Que una convivencia no se cumpla duele antes de convertirse en un problema jurídico. El impulso inmediato suele ser reclamar, amenazar, presentarse sin aviso o responder dejando de pagar otros gastos. Esa reacción puede empeorar el expediente. En México, la convivencia debe analizarse desde el interés superior de niñas, niños y adolescentes y desde la resolución o convenio concreto que la regula. No existe una sola fórmula nacional sobre horarios, entregas o consecuencias del incumplimiento. Lo que sí puedes hacer en casi cualquier escenario es trabajar con hechos verificables: fecha, hora, lugar, motivo comunicado, propuesta de reposición, respuesta y efecto sobre el hijo. Si el régimen ya está judicializado, el objetivo no es castigar a la otra persona, sino lograr cumplimiento o pedir una modificación que funcione mejor para el menor.

Primero lee exactamente qué dice tu convenio o resolución

Muchos conflictos se discuten a partir de recuerdos: me toca cada quince días, las vacaciones son mitad y mitad, yo siempre puedo hablar por teléfono. Eso no basta. Localiza la versión vigente del convenio, sentencia o medida provisional y revisa días, horarios, punto de entrega, vacaciones, llamadas, transporte, convivencias supervisadas y cualquier condición especial. Si existen varias resoluciones, ordénalas por fecha para saber cuál modificó a cuál. La pregunta jurídica básica es qué obligación existe actualmente y quién debía hacer qué cosa en la fecha del incumplimiento. Sin esa base, cualquier petición de ejecución empieza débil.

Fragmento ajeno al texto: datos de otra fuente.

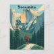 Une carte postale colorée de style vintage du parc national de Yosemite, États-Unis, mettant en valeur le célèbre Half Dome et les forêts de pins environnantes. Parfait pour les voyageurs, les randonneurs et les collectionneurs d'art de parcs nationaux.
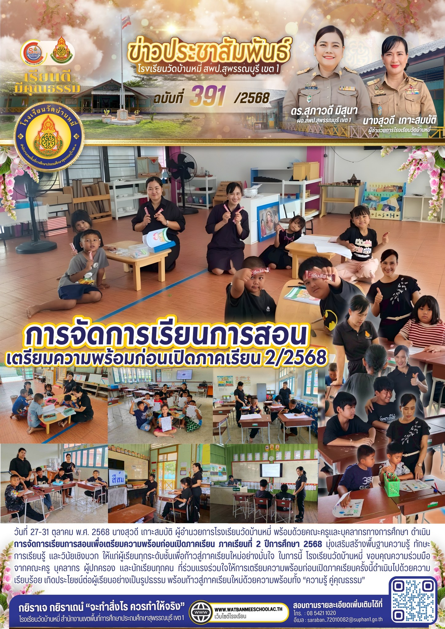 การจัดการเรียนการสอนเพื่อเตรียมความพร้อมก่อนเปิดภาคเรียน ภาคเรียนที่ 2 ปีการศึกษา 2568

Calendario de convivencia y fechas documentadas para organizar el contacto con los hijos

Documenta el incumplimiento sin convertir a tu hijo en mensajero

Crea una bitácora sencilla. Registra fecha, hora, lugar acordado, qué ocurrió, qué comunicación recibiste y qué alternativa propusiste. Conserva mensajes completos, no solo una captura que elimina contexto. Si acudiste a un punto de entrega, guarda evidencia lícita de tu presencia. Si la otra persona avisó que el niño estaba enfermo, pide de forma razonable información para reorganizar la convivencia, no un interrogatorio. Evita pedir al hijo que grabe, que mande mensajes ocultos o que explique quién tuvo la culpa. La documentación debe protegerlo del conflicto, no incorporarlo a la investigación. Una cronología objetiva puede mostrar un patrón. Un expediente lleno de insultos demuestra otra cosa.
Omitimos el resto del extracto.